Zhang, Hongkai; Hansson, Bengt (2023). RecView: An interactive R application for locating recombination positions using pedigree data [Dataset]. Dryad. https://doi.org/10.5061/dryad.2fqz612w5

Abstract

We present RecView, an interactive R application and its homonymous R package, to facilitate locating recombination positions along chromosomes or scaffolds using whole-genome genotype data of a three-generation pedigree. We demonstrate applicability of RecView using the genotype data from two offspring, as well as their grandparents and parents, of the great reed warbler (Acrocephalus arundinaceus).

README: Description of the files

The dataset is from a three-generation pedigree of great reed warbler (Acrocephalus arundinaceus) including 4 grandparents (Aarun_H7-38, Aarun_H0-81, Aarun_V9-73, Aarun_H7-41), 2 parents (Aarun_H3-00, Aarun_H5-17) and 2 offspring (ID-256 and ID-258).

1 VCF files

VCF files consist of bi-allelic SNPs on chromosome 1 and 21 of the great reed warbler.

1.1 VCF files list

  • full_dataset.vcf.gz: bi-allelic SNPs on chromosome 1 and 21, referred to as full dataset.
  • 10percent_downsampled_dataset.vcf.gz: 10% downsampling of the total number of bi-allelic SNPs on chromosome 1 and 21 from the full dataset.
  • 1percent_downsampled_dataset.vcf.gz: 1% downsampling of the total number of bi-allelic SNPs on chromosome 1 and 21 from the full dataset.

1.2 Variable explanation

  • CHROM: The column contains the labels of scaffolds in the great reed warbler reference genome acrAru1 (BioProject ID PRJNA765537).
  • POS: The column contains the positions on the scaffolds for the bi-allelic SNPs.
  • Aarun_H7-38: Aarun_H7-38 is the label for the paternal grandfather at F0 generation of the three-generation pedigree. The column contains the FORMAT information of VCF file (see headings in VCF files for details) for this individual.
  • Aarun_H0-81: Aarun_H0-81 is the label for the paternal grandmother at F0 generation of the three-generation pedigree. The column contains the FORMAT information of VCF file (see headings in VCF files for details) for this individual.
  • Aarun_V9-73: Aarun_V9-73 is the label for the maternal grandfather at F0 generation of the three-generation pedigree. The column contains the FORMAT information of VCF file (see headings in VCF files for details) for this individual.
  • Aarun_H7-41: Aarun_H7-41 is the label for the maternal grandmother at F0 generation of the three-generation pedigree. The column contains the FORMAT information of VCF file (see headings in VCF files for details) for this individual.
  • Aarun_H3-00: Aarun_H3-00 is the label for the father at F1 generation of the three-generation pedigree. The column contains the FORMAT information of VCF file (see headings in VCF files for details) for this individual.
  • Aarun_H5-17: Aarun_H5-17 is the label for the mother at F1 generation of the three-generation pedigree. The column contains the FORMAT information of VCF file (see headings in VCF files for details) for this individual.
  • ID-256: ID-256 is the label for the offspring at F2 generation of the three-generation pedigree. The column contains the FORMAT information of VCF file (see headings in VCF files for details) for this individual.
  • ID-258: ID-258 is the label for the offspring at F2 generation of the three-generation pedigree.
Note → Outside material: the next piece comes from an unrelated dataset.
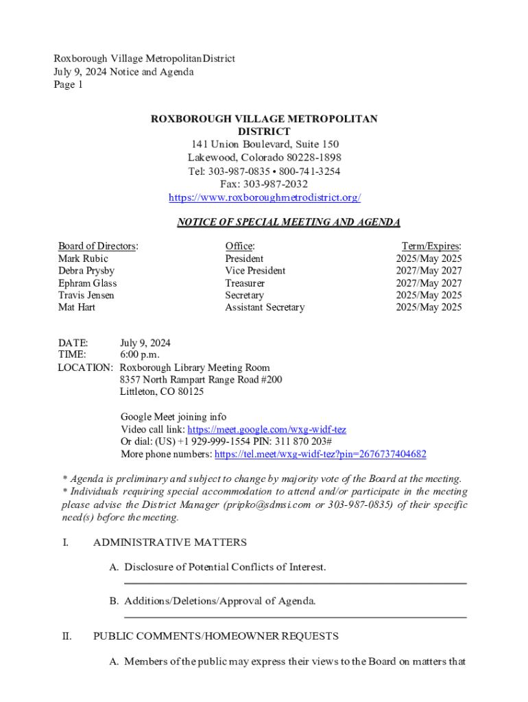 Get the free Notice and Agenda Roxborough Village Metropolitan District

The column contains the FORMAT information of VCF file (see headings in VCF files for details) for this individual.

2 Genotype files

Genotype files consist of unphased genotypes extracted from the VCF files using vcftools option: --extract-FORMAT-info GT.

2.1 Genotype files list

  • full_dataset.GT: genotypes extracted from the full_dataset.vcf.gz.
  • 10percent_downsampled_dataset.GT: genotypes extracted from 10percent_downsampled_dataset.vcf.gz.
  • 1percent_downsampled_dataset.GT: genotypes extracted from 1percent_downsampled_dataset.vcf.gz.

2.2 Variable explanation

  • CHROM: The column contains the labels of scaffolds in the great reed warbler reference genome acrAru1 (BioProject ID PRJNA765537).
  • POS: The column contains the positions on the scaffolds for the bi-allelic SNPs.
  • Aarun_H7-38: Aarun_H7-38 is the label for the paternal grandfather at F0 generation of the three-generation pedigree. The column contains genotypes at bi-allelic SNPs for this individual.
  • Aarun_H0-81: Aarun_H0-81 is the label for the paternal grandmother at F0 generation of the three-generation pedigree. The column contains genotypes at bi-allelic SNPs for this individual.
  • Aarun_V9-73: Aarun_V9-73 is the label for the maternal grandfather at F0 generation of the three-generation pedigree. The column contains genotypes at bi-allelic SNPs for this individual.
  • Aarun_H7-41: Aarun_H7-41 is the label for the maternal grandmother at F0 generation of the three-generation pedigree. The column contains genotypes at bi-allelic SNPs for this individual.
  • Aarun_H3-00: Aarun_H3-00 is the label for the father at F1 generation of the three-generation pedigree. The column contains genotypes at bi-allelic SNPs for this individual.
  • Aarun_H5-17: Aarun_H5-17 is the label for the mother at F1 generation of the three-generation pedigree. The column contains genotypes at bi-allelic SNPs for this individual.
  • ID-256: ID-256 is the label for the offspring at F2 generation of the three-generation pedigree. The column contains genotypes at bi-allelic SNPs for this individual.
  • ID-258: ID-258 is the label for the offspring at F2 generation of the three-generation pedigree. The column contains genotypes at bi-allelic SNPs for this individual.

3 Scaffold file

Scaffold file consists of the order and orientation information of the scaffolds on chromosome 1 and 21.

3.1 Scaffold file list

  • scaffold_file.csv: the order and orientation information of the scaffolds on chromosome 1 and 21 extracted from great reed warbler reference genome acrAru1 (BioProject ID PRJNA765537).

3.2 Variable explanation

  • scaffold: The column contains the labels of scaffolds in the great reed warbler reference genome acrAru1 (BioProject ID PRJNA765537).
  • size: The column contains the size in base pairs for the scaffolds.
  • CHR: The column contains the chromosomal assignment for the scaffolds in great reed warbler.
  • order: The column contains the order of the scaffolds on each chromosome.
  • orientaion: The column contains the orientaion of the scaffolds on each chromosome.

Methods

We randomly selected a three-generation pedigree, including 4 grandparents (Aarun_H7-38, Aarun_H0-81, Aarun_V9-73, Aarun_H7-41), 2 parents (Aarun_H3-00, Aarun_H5-17) and 2 offspring (ID-256 and ID-258), from our long-term study population of great reed warblers at Lake Kvismaren, southern Central Sweden (59°10ʹ N, 15°24ʹ E). The birds were whole-genome sequenced with Illumina.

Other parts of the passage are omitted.